He reports: “Like a great many people, I suspect, when I have multiple reasons
for supporting a policy, I do not spend a great deal of time thinking about
which is really the strongest reason or otherwise trying to organize more
coherently those reasons I think justify the policy.” He also expresses skepticism
concerning scholars’ arguments that one justification for a controversial right
is better than another because of its implications for future cases.
Before reading Graber’s
response, we had thought there were two basic views concerning multiple justifications
for constitutional rights. One, represented by Dworkin and us, is that the
multiplicity of “textual homes” and justifications for rights like those to
procreative autonomy and same-sex marriage shows how richly justified, how
deeply grounded, those rights are in our constitutional order. The other view,
represented by Robert Bork and Justice Scalia, is that this shows that the
right is made up and has no genuine roots in the Constitution. Real rights, on
the latter view, hang on one clause and have one justification. Graber
illustrates a third view: impatience with or skepticism concerning the project
of working up and assessing multiple justifications for controversial
constitutional rights.
We urge Graber to develop more
patience with our project for three basic reasons. First, offering multiple
justifications for a controversial right in a diverse liberal democracy may
help build what John Rawls called an “overlapping consensus” in support of
protecting the right. Consider Lawrence
v. Texas (2003), recognizing a right of same-sex intimate association.

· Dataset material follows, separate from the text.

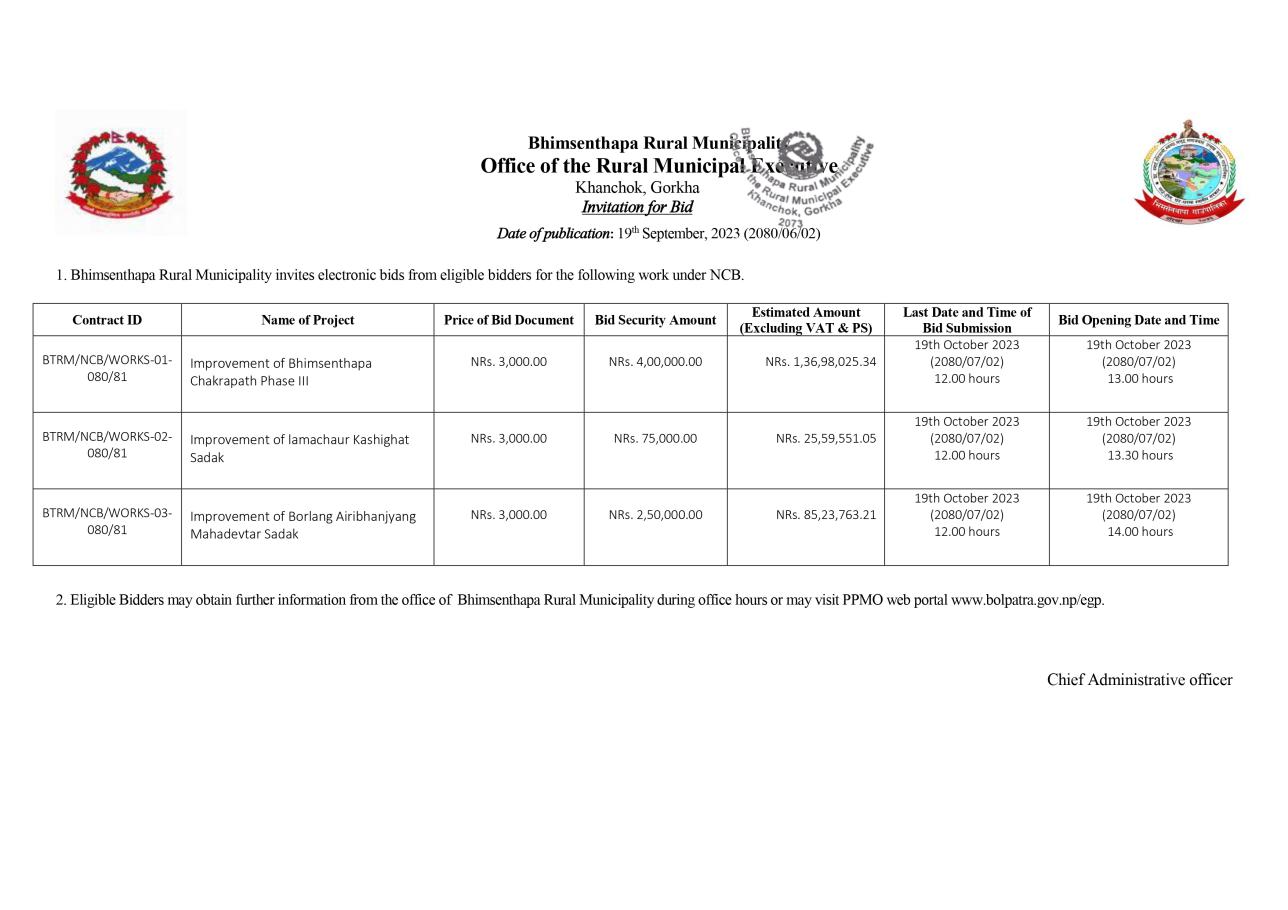 भिमसेनथापा गाउँपालिका क्षेत्रभित्रका व्यवसायीहरुको लागि सार्बजनिक सुचना ।।

Minimalists worried about courts intruding too much on the political processes
might find Lawrence justified on
grounds of desuetude; progressives (including proponents of gay and lesbian
rights, feminists, and others) might find it justified on the ground of
securing the status of equal citizenship for gays and lesbians; liberals might
be persuaded by arguments rooted in individual autonomy as well; civic
republicans and other perfectionists might find arguments from the moral goods
fostered through protecting such intimate association more persuasive; common
law constitutionalists might believe the right justified by analogy to the
right of intimate association already recognized for straights and in
recognition of what Lawrence called
the “emerging awareness that liberty gives substantial protection to adult
persons in deciding how to conduct their private lives in matters pertaining to
sex;” pragmatists and utilitarians might be persuaded by worries about the
consequences of not recognizing the right, e.g., that gays and lesbians who are
still in the closet might be blackmailed; and so on. Moreover, different
arguments may be more or less appealing to different social movements and cause
organizations seeking to vindicate such rights. Participants in such movements
and organizations make whatever arguments they find most salient and
persuasive, given their deeper and more general commitments, and work to
transform popular opinion to support protecting the right.
Second, offering new or
additional justifications for a controversial right may help persuade persons
not already persuaded to accept the right. Graber and Gerard Magliocca write as if doing so is futile, or simply preaching to the choir. We have
higher hopes concerning the possibility of persuasion through argument.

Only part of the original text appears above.